Global stocks make gains as Fed-fired volatility eases


By Richard Hubbard, Reuters and AFP

LONDON/HONG KONG–World shares were set to end a volatile week on a positive note on Friday and the dollar reached a 4-month high against the yen as worry dissipated about an end to the Federal Reserve’s stimulus. Volatility has eased as investors realize that scaling back the Fed’s bond-buying program, which will probably begin in the first quarter of next year, does not necessarily mean rates will rise soon afterwards. “I think people have got the message,” said Laurent Fransolet, head of European fixed-income strategy at Barclays. “Everyone is starting to differentiate between tapering and tightening.” Solid U.S. data has eased concern that weaker growth in China and the euro zone may set back the fragile global economic recovery. The data helped to bolster the optimistic tone, especially on world equity markets. On Wall Street, the Dow Jones Industrial Index closed above 16,000 for the first time ever. Europe’s share markets joined the trend. All the major European indices up as much as 0.5 percent in early trading. The broad FTSE Eurofirst 300 index of top European shares had risen by 0.25 percent as a key barometer of investor sentiment, the Euro Stoxx 50 Volatility index dropped 3.6 percent to reach its lowest level since early 2007. A lower reading is a sign of rising confidence. MSCI’s world equity index was up 0.2 percent, although it was still likely to end the week lower. “The markets have got a lot of liquidity and it’s going to be a gentle lift upwards for equities,” Michael Gallagher, managing director of IDEAGlobal. “We might see it slow waiting for the U.S. employment report and the December meeting of the Fed.” The Dow’s first close above 16,000 pushed most world stocks higher Friday but gains were kept in check by worries the Federal Reserve will cut its monetary stimulus soon.

In Europe, France’s CAC 40 rose 0.4 percent to 4,268.62 while Germany’s DAX and Britain’s FTSE 100 were little changed. Futures suggested more gains on Wall Street, with Dow and S&P 500 futures both up 0.1 percent.

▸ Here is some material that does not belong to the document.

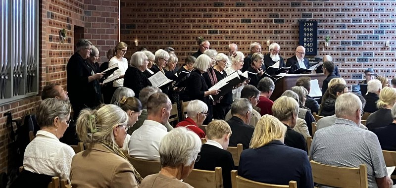 Solen skinnede, Kirkens Voksenkor sang, Lena og Peter Krogh leverede musikken og konfirmander havde både bagt brød og lavet saft til nadveren, skrevet bønner og hjalp med praktiske opgaver til søndagens høstgudstjeneste i Emmersbæk Kirke.

The Dow has been propelled higher by a combination of solid corporate earnings, a steadily strengthening economy and the Fed’s monetary policy.

Since the start of the year, the blue chip index is up 22 percent. If it holds onto those gains, the Dow will have its best year since 2003. The Dow topped 14,000 in February and 15,000 in May.

Asian markets mostly rose on Friday after the Dow closed above the 16,000 level for the first time on the back of a slew of upbeat economic data. Tokyo rose 0.10 percent, or 16.12 points, to 15,381.72, well off earlier highs as the yen made inroads against the dollar in the afternoon. Sydney advanced 0.90 percent, or 47.6 points, to 5,335.9 and Seoul added 0.62 percent, or 12.45 points, to 2,006.23. Hong Kong was 0.49 percent higher, adding 115.99 points to 23,696.28. Shanghai ended 0.43 percent lower, slipping 9.39 points to 2,196.38 as profit-takers moved in after the index rose more than three percent over the week when Beijing unveiled a blueprint for reforming the economy. Gold fetched US$1,242.80 per ounce at 1107 GMT compared with US$1,247.52 on Thursday.